What a sweetie, happy for you


----------



## Lettuceknit (Dec 22, 2012)

Best gift you could have received. Congratulations p-mommy and p-daddy!


----------



## peppered (May 16, 2014)

Same thing happened to my friend. They said the dog got agressive.
Bull....! The pup was raised with babies and other labs in the family and was so nice with everybody. She flew on planes too before they handed her over.
They ended up adopting the dog and she has wonderful life with kids and loving family.
Was it maybe dogs somehow remember how they are treated at one place and didn't like to training later?

Enjoy you new family member!!!


----------



## scumbugusa (Oct 10, 2011)

Just look at that precious face. 

Obviously she was meant to be with you.

She is home.


----------



## lharris1952 (Jan 8, 2012)

Since my last post in June, Zoe and I went through a 6 week basic obedience class.
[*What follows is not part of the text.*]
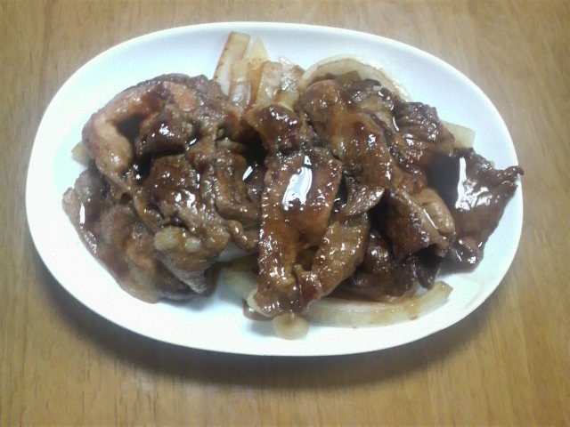 今週の料理は、毎度お馴染みのしょうが焼き。今回は玉ねぎとエリンギを炒めて合わせて見ました。毎週こってり料理ばかりで申し訳ありませぬ(^^;

The last night of class, the trainer told me Zoe didn't need training. He laughed and told me she knows what to do. Well, that leaves the finger pointing at myself. I am working really hard with correction. We both are so much better now than before. This trainer explained things better than her other trainers. I was doing one correction wrong. Mr. Kenneth instructed me a little different than the way I had previously been instructed. We are both better. Zoe is watching for my instruction and I know the right way to correct her. I have learned that she is an individual and that standard ways of training did not work. She even watches me for my next move. It was half way through the course that the instructor realized Zoe has an attention problem. 30 minutes into the 1 hour class, she was done and ready to leave. This has always been a problem. We just work while I can have her attention. Before she gets bored. I guess us humans are like that too.


----------



## GrandmaLiz (Dec 31, 2012)

She chose her forever home - she looks happy and content. Job well done.


----------



## no1girl (Sep 4, 2012)

we have long said "dog school is to teach people how to train a dog...NOT for the dog"


----------



## Lilyan (Dec 16, 2015)

What a wonderful ending...as it seems as though it was meant to be.


----------



## Nanamel14 (Aug 4, 2016)

Beautiful so glad you have her forever


----------



## Nanamel14 (Aug 4, 2016)

Beautiful so glad you have her forever


----------



## scumbugusa (Oct 10, 2011)

She is beautiful. I am so glad you are keeping her and that she has a fabulous loving home.


----------



## Nanamel14 (Aug 4, 2016)

She is so sweet, she wanted to stay with you


----------



## Nanamel14 (Aug 4, 2016)

She is so sweet, she wanted to stay with you


----------